DOH launches nationwide anti-measles campaign in Cebu City

- Sheila Crisostomo -
CEBU CITY — The Department of Health (DOH) launched here yesterday a nationwide campaign to eliminate measles amid reports that the disease has claimed the lives of four children from a tribal community in South Cotabato.

Health Secretary Manuel Dayrit said the four children belonged to the Bilaan tribe in the remote village of Simsiman in Norala, South Cotabato.

"Our people in the field are looking into that. We have this campaign to prevent incidents like this. We don’t want children to die from measles or to suffer its complications," he said.

But Dr. Milagros Fernandez, DOH Undersecretary for Mindanao, could not yet ascertain how many children in Simsiman were affected by measles and when they started getting sick.

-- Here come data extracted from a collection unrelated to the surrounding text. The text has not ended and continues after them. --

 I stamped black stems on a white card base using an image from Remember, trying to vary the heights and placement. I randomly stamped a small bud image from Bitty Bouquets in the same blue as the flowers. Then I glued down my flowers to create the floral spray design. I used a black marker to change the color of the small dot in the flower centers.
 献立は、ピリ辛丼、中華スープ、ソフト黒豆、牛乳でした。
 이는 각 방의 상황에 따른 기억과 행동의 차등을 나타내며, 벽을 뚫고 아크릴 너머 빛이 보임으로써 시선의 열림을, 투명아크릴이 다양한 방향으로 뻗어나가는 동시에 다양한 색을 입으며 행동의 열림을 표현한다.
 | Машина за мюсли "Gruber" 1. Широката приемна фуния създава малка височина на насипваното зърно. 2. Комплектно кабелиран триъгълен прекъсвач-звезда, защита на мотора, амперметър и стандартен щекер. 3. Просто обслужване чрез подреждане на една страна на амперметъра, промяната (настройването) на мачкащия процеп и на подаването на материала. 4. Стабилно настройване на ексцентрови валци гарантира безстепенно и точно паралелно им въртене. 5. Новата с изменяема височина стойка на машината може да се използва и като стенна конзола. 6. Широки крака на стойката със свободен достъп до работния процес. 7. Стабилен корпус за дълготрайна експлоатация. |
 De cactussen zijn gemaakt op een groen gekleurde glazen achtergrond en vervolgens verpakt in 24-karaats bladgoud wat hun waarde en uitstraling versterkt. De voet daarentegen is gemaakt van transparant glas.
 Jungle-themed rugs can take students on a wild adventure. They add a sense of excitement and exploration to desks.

The DOH learned about the measles outbreak only last Tuesday.

Fernandez said the DOH regional office in South Cotabato sent five health experts to Simsiman yesterday morning to look into the extent of the outbreak.

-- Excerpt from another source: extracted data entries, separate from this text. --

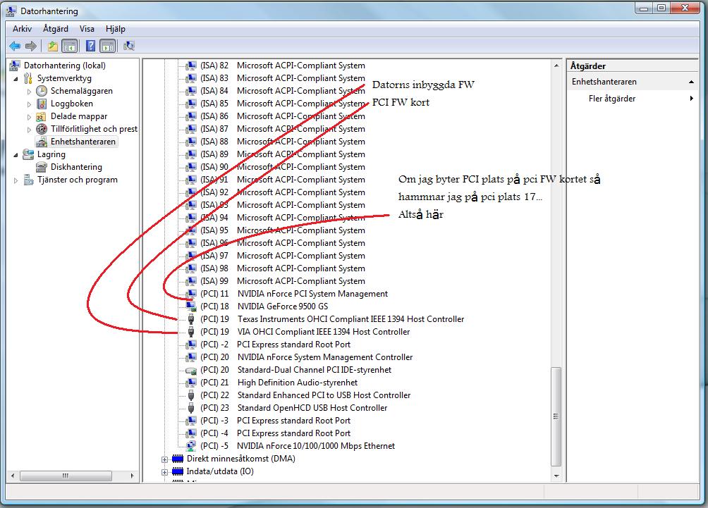 Jag vet inte om den har nForce 4 chipset, har letat och det ända jag hittar är att det heter nForce 630i Jag tror att GS modellen sitter å sånnahär burkar som jag har, (t.ex elgiganten) Jag vet inte om den använder Ram som grafikminne. Men jag har 4gb. Ja jag har också tror att det skulle vara en IRQ konflikt, så därför beställde jag PCI FW kortet. Och visst det funkar bättre om jag sätter i det. jag ska ta en print screen så får ni se. sådärja, kanske de kan hjälpa?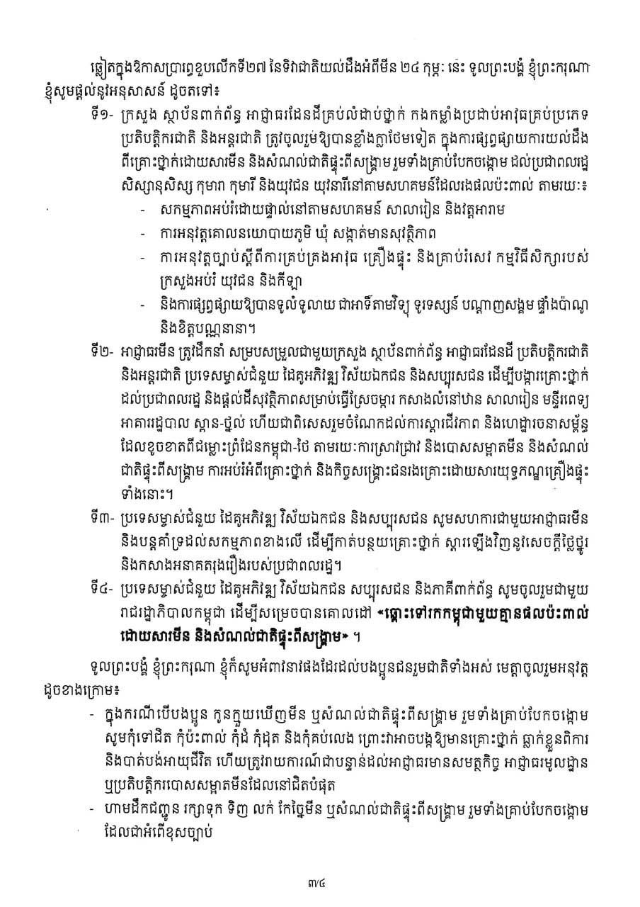 សារលិខិតរបស់សម្តេចបវរធិបតី ហ៊ុន ម៉ាណែត ក្នុងឱកាសខួបលើកទី២៧ នៃទិវាជាតិយល់ដឹងអំពីមីន ក្រោមប្រធានបទ «ចូលរួមទាំងអស់គ្នា ដើម្បីជនភៀសសឹក និងសហគមន៍មានសុវត្ថិភាព»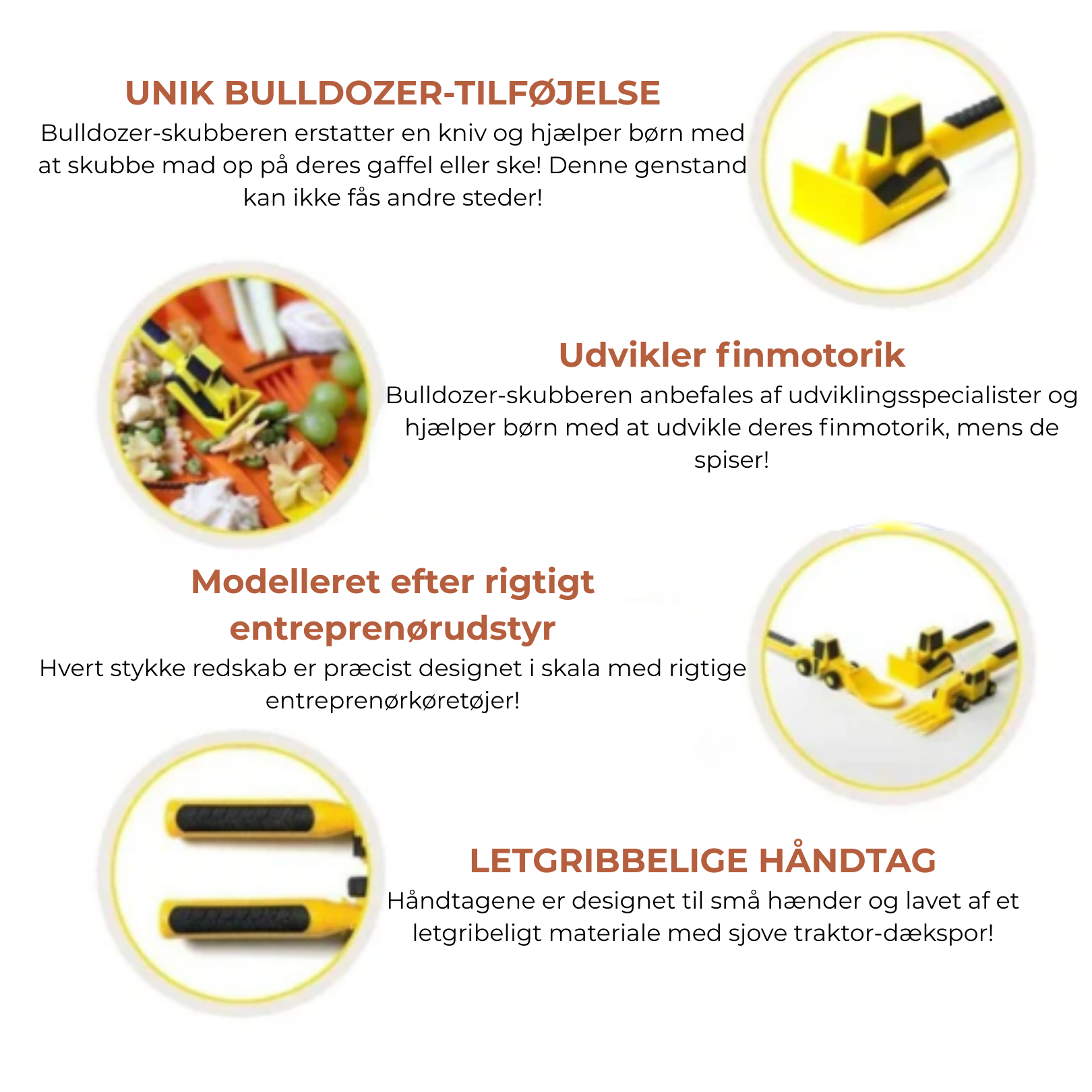 Nu, forestil dig samme scene – bare anderledes. Dit barn er fokuseret, nysgerrigt og endda begejstret. ByggeBider™ er i deres hænder, og pludselig er gulerødder ikke fjender, men last. Kartoffelmos er ikke rodet, men cement der skal spredes. Du spiser stille din egen mad, mens deres tallerken bliver tømt bid for bid.

This year’s campaign against measles, dubbed "Ligtas Tigdas 2004," is a follow-up to the DOH’s immunization campaign in 1998.

In launching the program here, children from the Badjao tribe in Sitio Alaska, Barangay Mambaling were immunized.

Dr. Romanus Mkeranga, head of the Health and Nutrition Section of the United Nations Children’s Fund (UNICEF), lauded the Philippines for being one of the few countries working on the elimination of measles.

While the Philippines wants to control the disease, Mkeranga said other countries are only focused on "reducing" measles cases.

According to Dayrit, it was the DOH’s idea to conduct the anti-measles program every five years, with routine immunizations at health centers in the intervening period, to ensure that all children from nine months old to eight years old are immunized.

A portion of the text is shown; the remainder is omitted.